Personal information
- Nationality: English
- Born: Layla El 25 June 1977 (age 49) London, England
- Spouse: Ricky Ortiz ​ ​(m. 2015; div. 2025)​
- Children: 1

Professional wrestling career
- Ring name(s): Layla Layla El
- Billed height: 5 ft 2 in (157 cm)
- Billed weight: 119 lb (54 kg)
- Billed from: Miami, Florida
- Trained by: Jesse Hernandez Dave Finlay
- Debut: 16 August 2006
- Retired: 27 July 2015

= Layla El =

English retired professional wrestler, dancer, and model (born 1977)

Layla El (born 25 June 1977) is an English retired professional wrestler, dancer and model. She is best known for her tenure in WWE, under the mononymous ring name Layla. She danced for Carnival Cruise Lines, the Miami Heat franchise of the National Basketball Association, and Kanye West during his performance at the MTV Video Music Awards before becoming a contestant on the 2006 edition of WWE's Diva Search, which she won to earn a contract with the company.

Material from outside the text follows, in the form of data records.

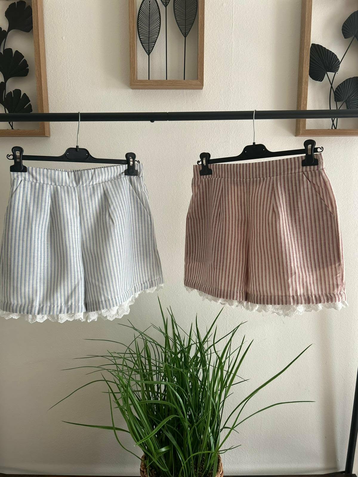 Short 100% coton à fines rayures ,léger et agréable à porter. Sa coupe élégante est sublimée par une délicate finition en dentelle qui apporte une touche féminine et raffinée . Idéal pour un look estival chic et confortable au quotidien.
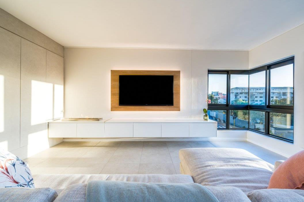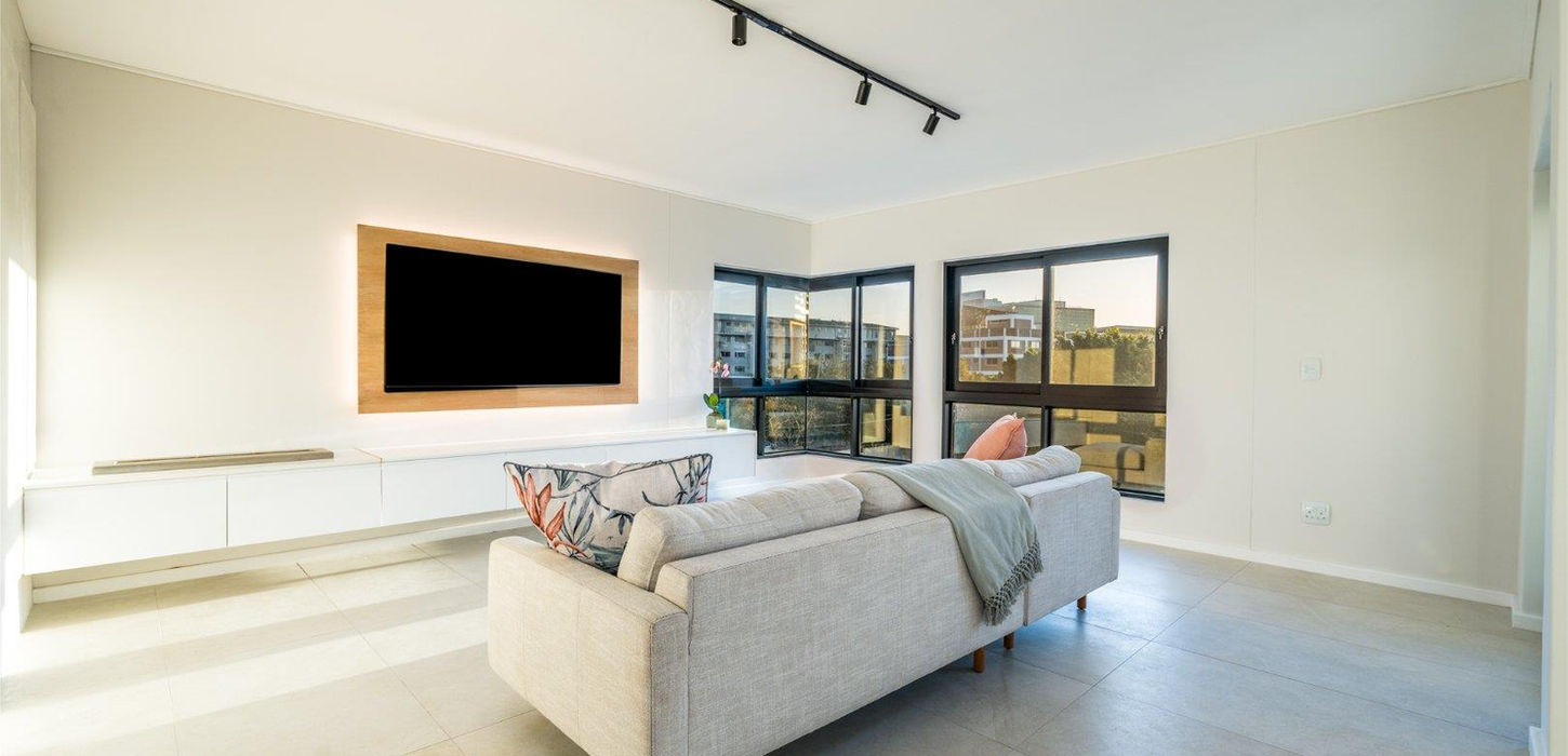 The third-floor corner unit, bathed in natural light, offers panoramic sea and mountain views, including a majestic full Lion’s Head vista. The private entrance leads you into a generously sized open plan lounge and dining area, framed by large windows and access to a beautiful private and protected balcony. The spacious lounge comeswith a chic biofuel fireplace, perfect for Cape Town’s enchanting winter evenings.
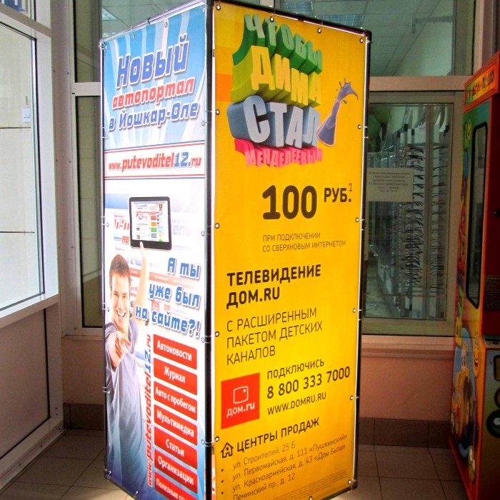 Джейхун писал(а):Ed-monte, у вас только трёхгранные пилларсы? На чём производится рекламная информация - бумага или самоклейка? Сколько стоит купить у вас пилларс?
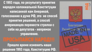Ту самую оккупационную Конституцию, принятую в 1993 году. Это закрепит статус России как независимого государства, которое не допускает вмешательства в свои дела и которое стремится к миру и на своей территории, и на всей планете.
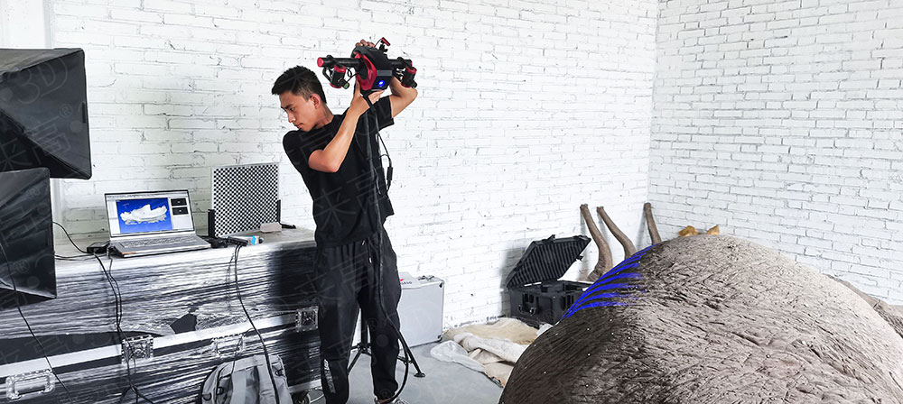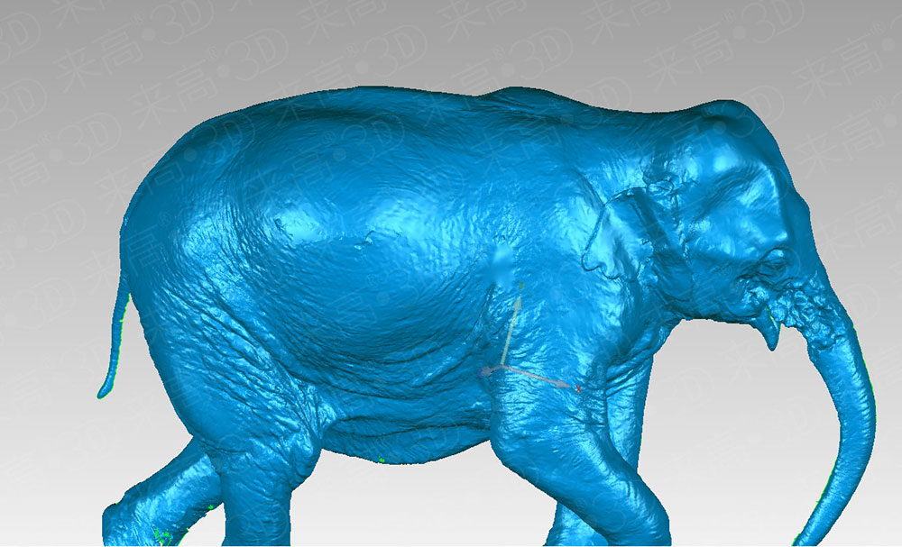 在大型物件掃描中,由于實物尺寸較大,角度多,選用手持式三維掃描儀進行大幅面、多角度、拼接快速的三維掃描,能夠較大程度的保留動物模型細節。來高科技的Q7手持三維掃描儀可以在0.01秒投光時間內,將采集數據快速、準確的還原至電腦中。Q7手持三維掃描儀尤其是在大尺寸、高細節、復雜工件的掃描中占有重要優勢。
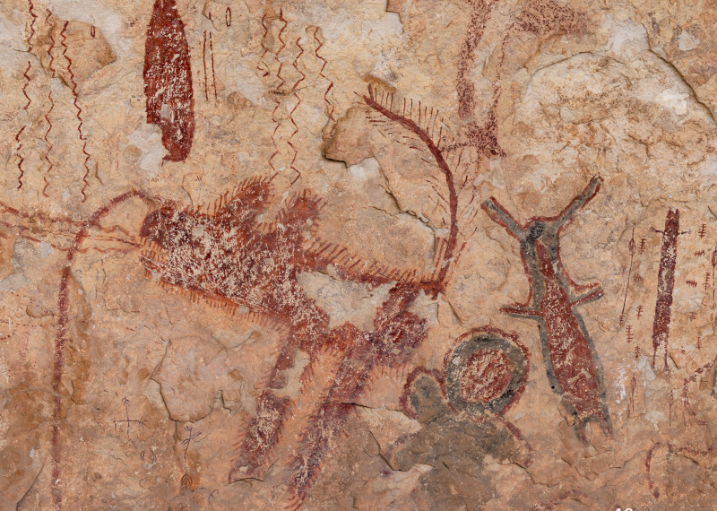 The murals were found to have been created over a period of approximately 4,000 years, with the earliest dating back about 6,000 years ago. Painted on limestone, the rock art depicts humanoid and animal-like characters, along with symbols that have yet to be deciphered. All these components were woven into visual narratives that detail creation myths, calendar cycles, and spiritual rituals, forming the cosmovision of this enigmatic people.

Initially appearing on the SmackDown brand, El moved to ECW in January 2007. There, she formed the Extreme Exposé dance troupe with Kelly Kelly and Brooke Adams. In 2008, she was drafted to the Raw brand, where she began managing William Regal. The following year, she returned to SmackDown and formed an alliance with Michelle McCool known as LayCool. In May 2010, she won the WWE Women's Championship for the first time. She is the first British woman and the first Diva Search winner to hold the championship, and was the final champion when the title was retired in 2010. In April 2012, she won the WWE Divas Championship upon her return from a year-long absence due to injury, and held it until September that year. She then wrestled for the next three years until her retirement in 2015.

== Early life ==
Layla El was born and raised in London, England on 25 June 1977. Her paternal grandparents were Spanish, and she is also of Moroccan descent. She attended a performing arts college in London.

== Dancing career ==
El relocated to the United States to begin her professional dancing career, becoming a dancer for Carnival Cruise Lines. Afterwards, she joined the National Basketball Association's Miami Heat franchise, where she danced for two years beginning in 2004. As part of the Miami Heat dance troupe, she received a championship ring. During this time, she appeared on-stage with John Legend as one of his backup dancers. She also danced for P. Diddy and Kanye West at the MTV Video Music Awards.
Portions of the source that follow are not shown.